Search code examples
pythonpython-3.xnlpspacy

How to get all noun phrases in Spacy


I am new to Spacy and I would like to extract "all" the noun phrases from a sentence. I'm wondering how I can do it. I have the following code:

import spacy

nlp = spacy.load("en")

file = open("E:/test.txt", "r")
doc = nlp(file.read())
for np in doc.noun_chunks:
    print(np.text)

But it returns only the base noun phrases, that is, phrases which don't have any other NP in them. That is, for the following phrase, I get the result below:

Phrase: We try to explicitly describe the geometry of the edges of the images.

Result: We, the geometry, the edges, the images.

Expected result: We, the geometry, the edges, the images, the geometry of the edges of the images, the edges of the images.

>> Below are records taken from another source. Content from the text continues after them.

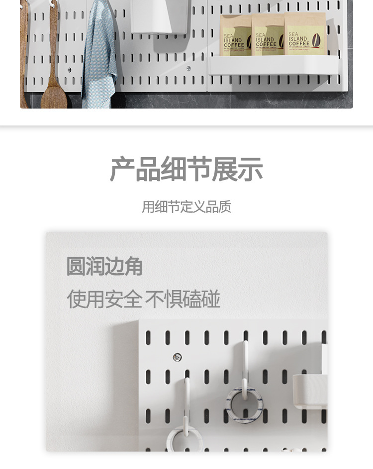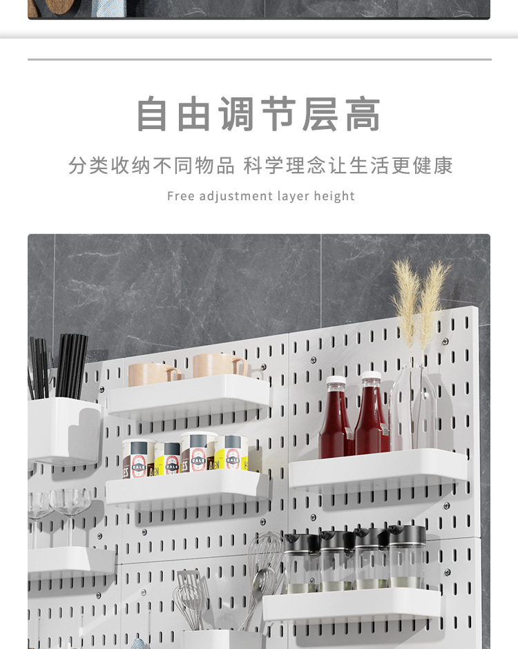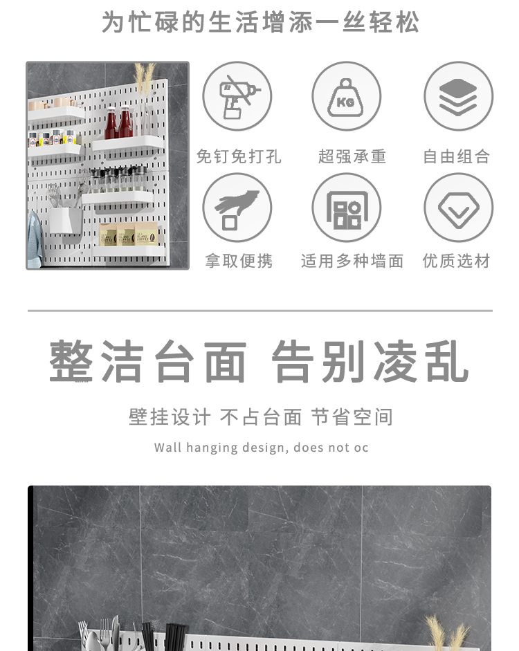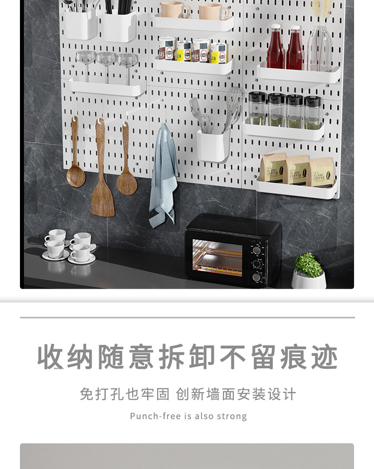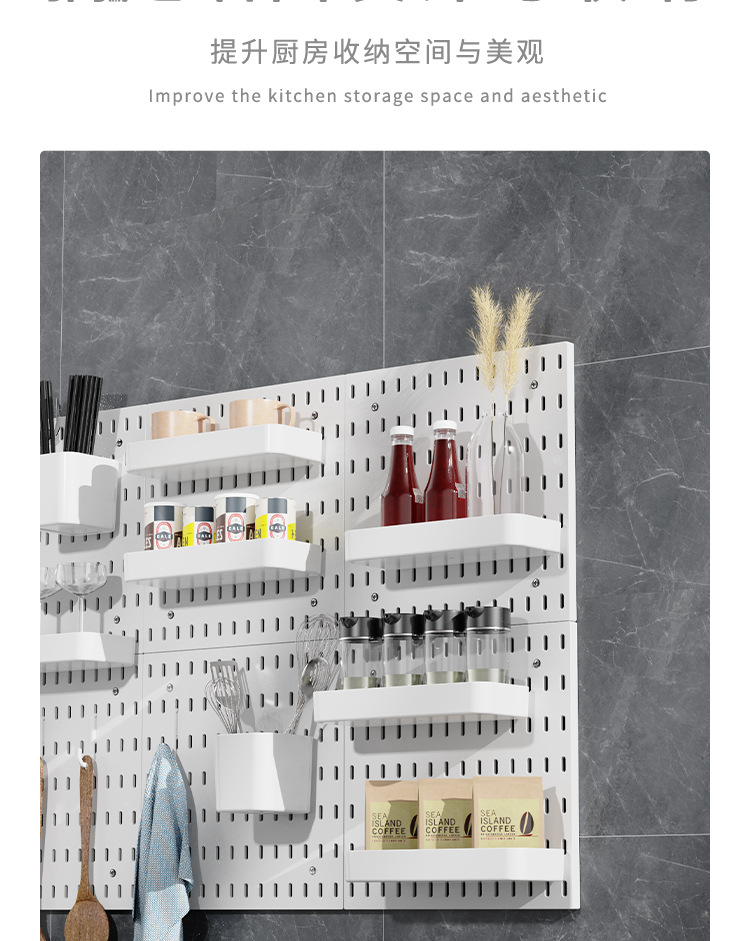 Кухонный настенный стеллаж для гостиной и общежития, белый, без сверления, утолщенный, модульный, совместим с перфорированными панелями
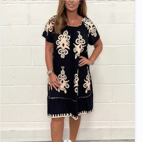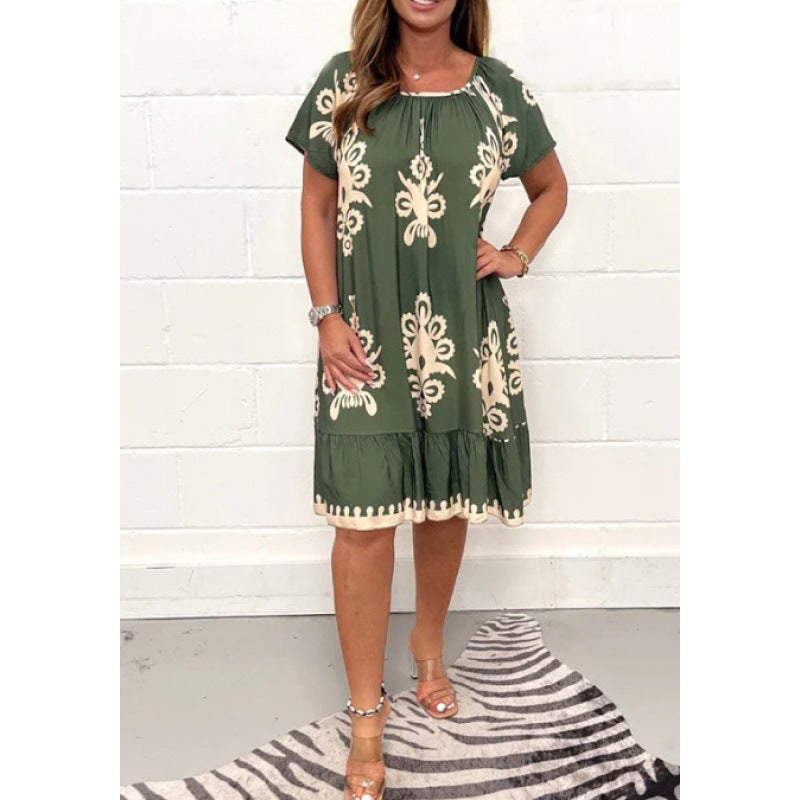Schicker Pendler-Kleid, einteilig. Midi-Rocklänge. Runder Halsausschnitt. Farbiger Druck. Pullover-Design. Standardärmel, kurz. Anspruchsvoller Stil. Bedruckte Verarbeitung.
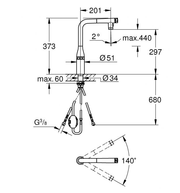| Кут повороту виливу | 140 ° |
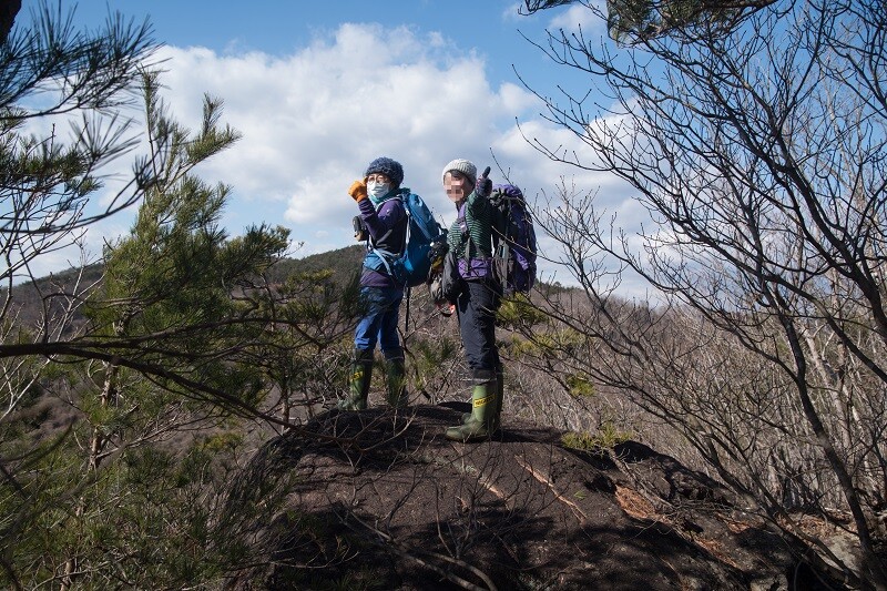 二峰の鞍部で風を避けてお昼にする。

How can I get all the noun phrases, including nested phrases?


Solution

  • Please see commented code below to recursively combine the nouns. Code inspired by the Spacy Docs here

    import spacy
    
    nlp = spacy.load("en")
    
    doc = nlp("We try to explicitly describe the geometry of the edges of the images.")
    
    for np in doc.noun_chunks: # use np instead of np.text
        print(np)
    
    print()
    
    # code to recursively combine nouns
    # 'We' is actually a pronoun but included in your question
    # hence the token.pos_ == "PRON" part in the last if statement
    # suggest you extract PRON separately like the noun-chunks above
    
    index = 0
    nounIndices = []
    for token in doc:
        # print(token.text, token.pos_, token.dep_, token.head.text)
        if token.pos_ == 'NOUN':
            nounIndices.append(index)
        index = index + 1
    
    
    print(nounIndices)
    for idxValue in nounIndices:
        doc = nlp("We try to explicitly describe the geometry of the edges of the images.")
        span = doc[doc[idxValue].left_edge.i : doc[idxValue].right_edge.i+1]
        span.merge()
    
        for token in doc:
            if token.dep_ == 'dobj' or token.dep_ == 'pobj' or token.pos_ == "PRON":
                print(token.text)